For a concept to be fulfilled, every expression in the concept would need to compile (and can be decided for every expression individually).

You would then use a concept in a generic function like this:

fn pad(T: type, buffer: []u8, data: []const Byteable(T)) void {
    // TODO
}

pad(u7, buffer, data); // fine
const Point = struct{x: f32, y: f32, z: f32};
pad(Point, buffer, data); // compile error: Point does not fulfill the concept Byteable because of expressions "_ = @Some(T) + 5;" and "const x: u8 = @Some(T);"

Obviously this is just one way this could look like, but it would make compile time programming a lot more ergonomic.

unsized SIMD type

Thanks to the existence of variable length vector extension of various architectures, making the size of a @Vector compile time known doesn’t really scale.

No matter which size you chose, on some you will need a loop anyway (because technically the actual size could be just as big as a regular integer scalar; except if you know it will only run of one specific type of CPU), while on others you will leave performance on the table.
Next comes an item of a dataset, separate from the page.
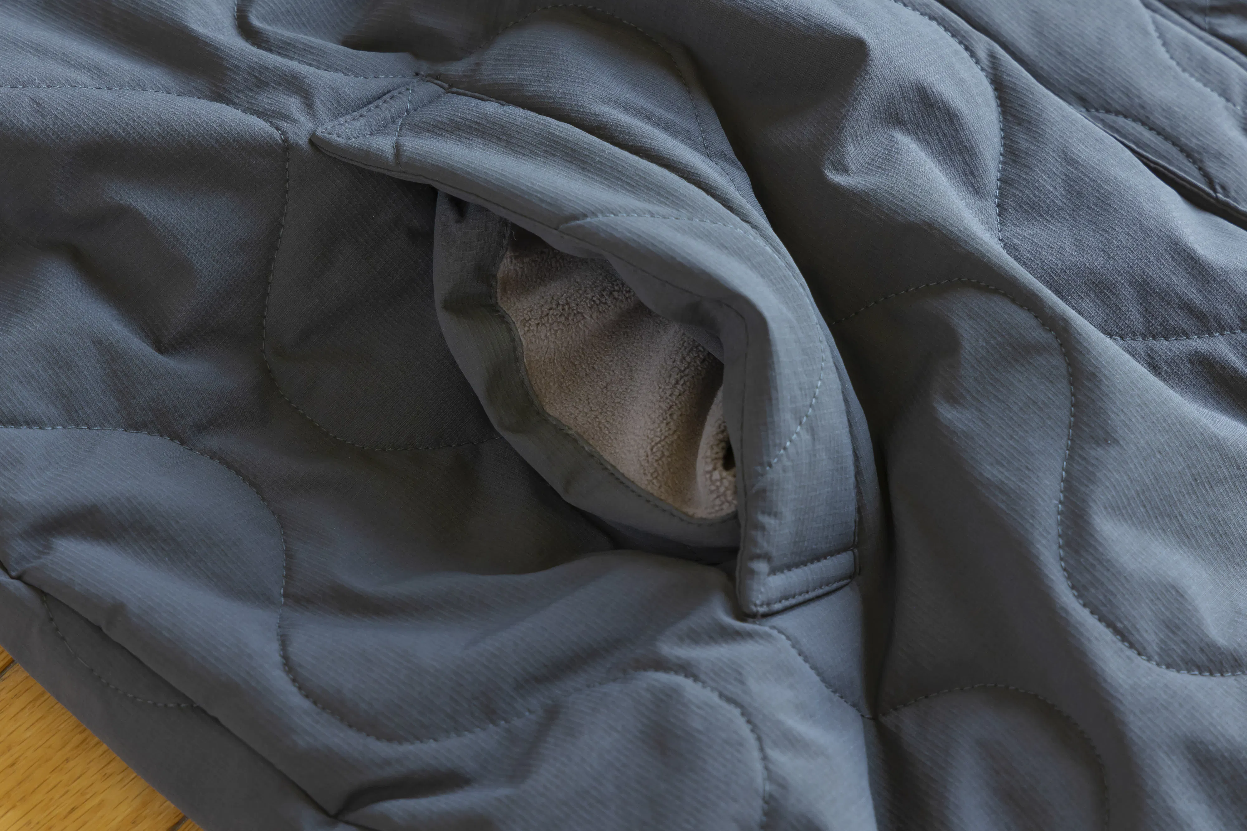 ミリタリーアイテムでよく使われるひょうたん型キルトステッチが施されているので、中綿が片寄らず均等な暖かさを保ちます。
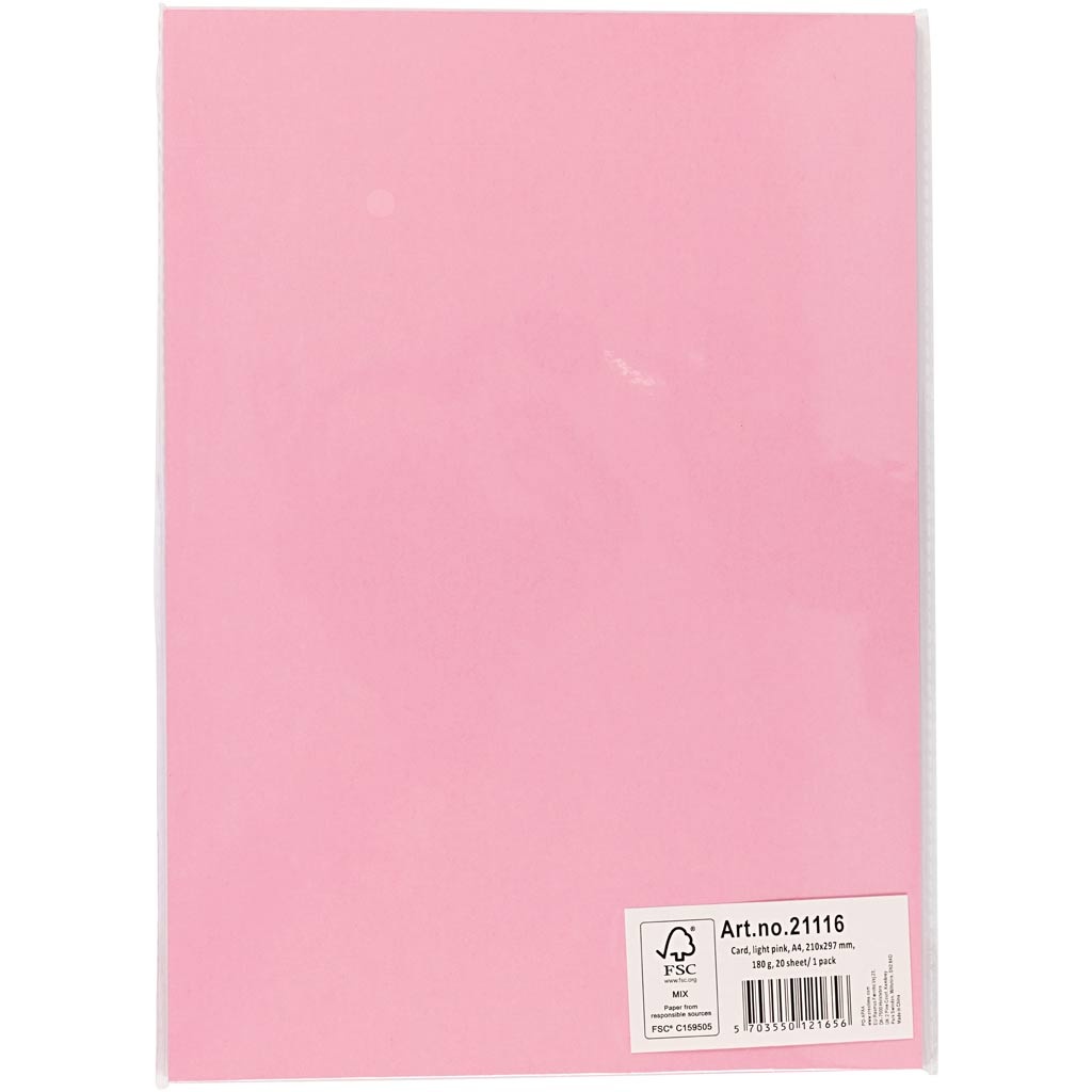 Creativ Company Gekleurd Karton, A4, vel 210x297 mm, 180 gr, lichtroze, 20 vel/ 1 doos

If you look at the “recommended” size for an @Vector for RISC-V, they chose dependent on the target platform, which essentially means that the Zig team wants to have a big list of possible every RISC-V CPU in there: Zig Documentation

A vector register being as small as 32 bits and as big as 65536 bits (which is btw the maximum you can do under the RVV extension). While not necessarily done in practise, there are some which are as small as 128 bit, but also some which are as big as 2048 bit (e.g. this one). But since you can combine multiple vector registers into one logical register, this can be even bigger.

Zig’s @Vector just doesn’t map at all to RISC-V’s RVV extension and ARM’s SVE extension is a similar deal with how I understand it.

I want to essentially write this:

fn add(T: type, a: []T, b: []const T) void {
    var vec_a: @Simd(T) = a;
    const vec_b: @Simd(T) = b;
    vec_a += vec_b;
    // the follow means to load the values back into the slice at the right positions
    // this could also be achieved by saying that you need to make `vec_a` to be type `*@Simd`
    a = vec_a;
}
// same meaning but without SIMD
fn add_naive(T: type, a: []T, b: []const T) void {
    for (a, b) |*ea, eb| {
        ea.* += eb;
    }
}

.. and … to ..< and ..=

Instead of .. and ... being only usable in one place and not the other, change .. to ..< and ... to ..= (yes, the syntax is essentially stolen from Odin here) and make them both usable in all places where the other is usable too.

This would even help with the current for loop annoyance where 0..max is always generating usize values. And in case ranged integers would end up as a bit fit for Zig after trying them out (considering how low level Zig is and where it wants to operate, this could happen).

So, which one?

I guess I would probably ask the genie for the SIMD change. The other two are more of annoyances or bad ergonomics while this one is a bad mapping.

1 Like

You have control over when hot patching happens, it is on you to convert types.

If you make a change that is too much to make work with hot patching then you always have the option of restarting the program.

If you are concerned about zigs undefined layout for many types, that isn’t a problem as zig has deterministic and hermetic builds; so a types’ layout should only change if you change a fields type, alignment, or other property that affects layout.

In C# any change to structure, like changing a method signature or even just changing the initial value of a constant, is what’s known as a “rude edit”. The hot reloading service then asks you if you want to restart(and if you want to auto restart every time it happens) since it cannot hot reload anymore. That’s probably harder to do in a compiled language though. I wonder how liveplusplus handles this situation.

2 Likes

I guess the question is if this mechanism would notice it for you or if it lead to a crash/UB instead?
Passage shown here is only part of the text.